Il viaggio in Iraq può essere la svolta di papa Francesco
Il Papa è uscito dalla sua “prigionia”, così come l’ha definita nella prima e nella seconda fase della pandemia. Con un dettaglio non da poco: come meta della prima visita dopo il blocco degli spostamenti Francesco non ha scelto un posto privo di significato geopolitico. Il viaggio in Iraq rischia peraltro di rappresentare un vero e proprio punto di svolta per l’intero pontificato di Jorge Mario Bergoglio. Anche alcuni commentatori tendenzialmente critici verso l’operato dell’attuale vescovo di Roma, in queste ore, hanno riconosciuto la potenza dei messaggi lanciati nella tre giorni irachena dal Santo Padre.
Anzitutto il periodo: l’ex arcivescovo di Buenos Aires aveva in programma di andare in Iraq da tempo, ma la visita era considerata a rischio per via della pandemia e a causa del contesto. Ma il Papa, che si è vaccinato contro il Sars-CoV-2, non ha avuto timore della folla che lo ha atteso, oltre che del substrato culturale e politico iracheno. Nonostante tutto, è andata bene. Un po’ come ha fatto il predecessore Joseph Ratzinger quando si è recato al capezzale del fratello Georg subito dopo la fine del primo lockdown, ma in una misura diversa.

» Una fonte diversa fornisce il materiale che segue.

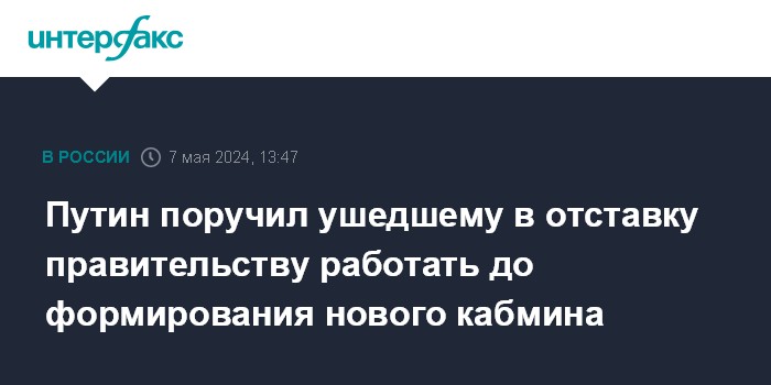 Москва. 7 мая. INTERFAX.RU - Президент РФ Владимир Путин поручил сложившему полномочия правительству продолжать действовать до формирования нового кабинета министров.
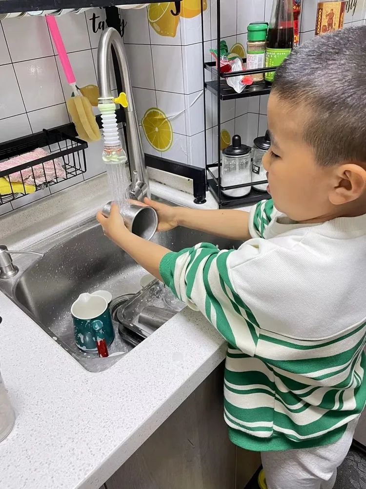 孩子作为家庭成员,在参与家务劳动过程中,体会到了长辈们的辛苦,知道了要珍惜爸爸妈妈的劳动成果,同时收获参与家务劳动带来的幸福和快乐。
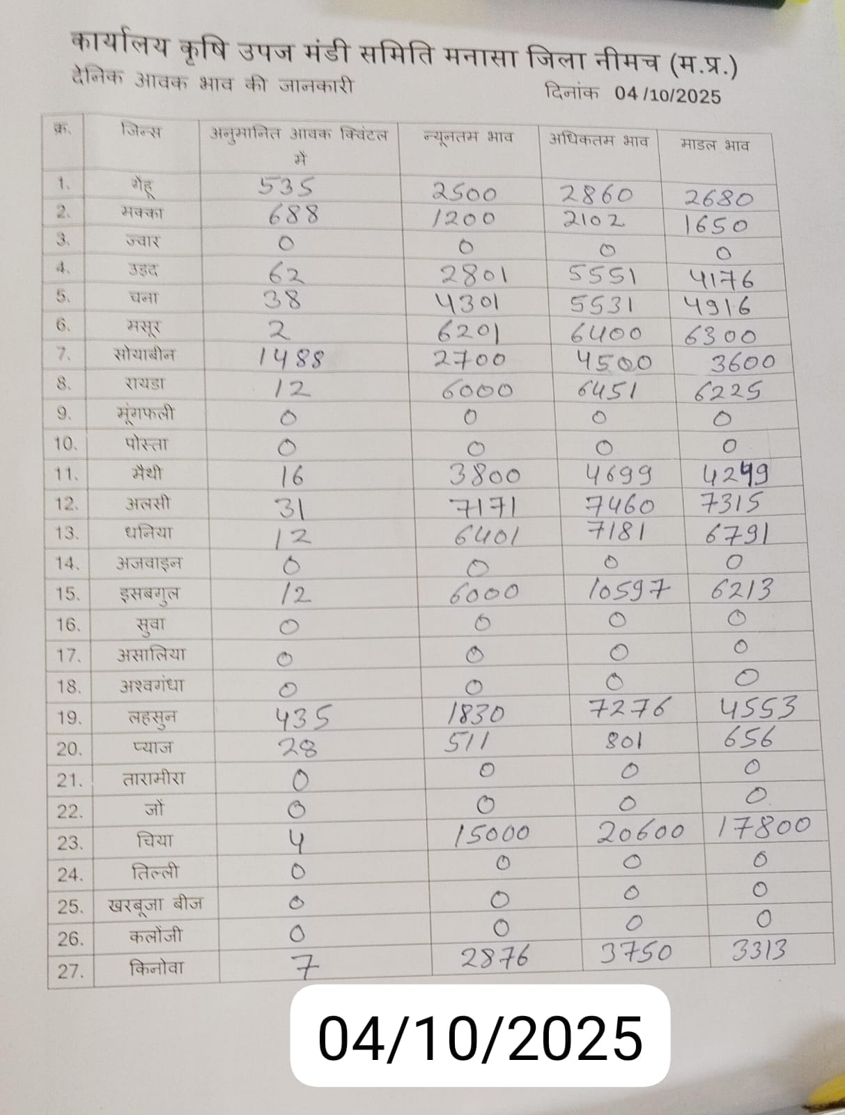 Manasa Mandi Bhav | आज के मनासा मंडी भाव दिनांक : 04 अक्टूबर 2025 शनिवार

Poi c’è l’Isis: l’attenzione mediatica e psicologica in questi mesi si è spostata sul Covid19, e del pericolo legato al jihadismo si tende a parlare meno. L’Iraq però non può dimenticare. Il passaggio sulle rovine Mosul è già una pietra miliare della storia di questo pontificato e, più in generale, della storia recente del cattolicesimo. Con quei gesti e con quelle considerazioni, il vescovo di Roma ha tracciato un solco tra le distorsioni ideologiche legate a certi credi religiosi – si legga pure “estremismo islamico” – ed il corretto ruolo che invece le confessioni religiose dovrebbero svolgere nei confronti degli esseri umani tutti. Il che costituisce in fin dei conti un seguito naturale del Documento della Fratellanza umana che il Papa ha firmato con l’imam di al-Azhar, con un interlocutore diverso.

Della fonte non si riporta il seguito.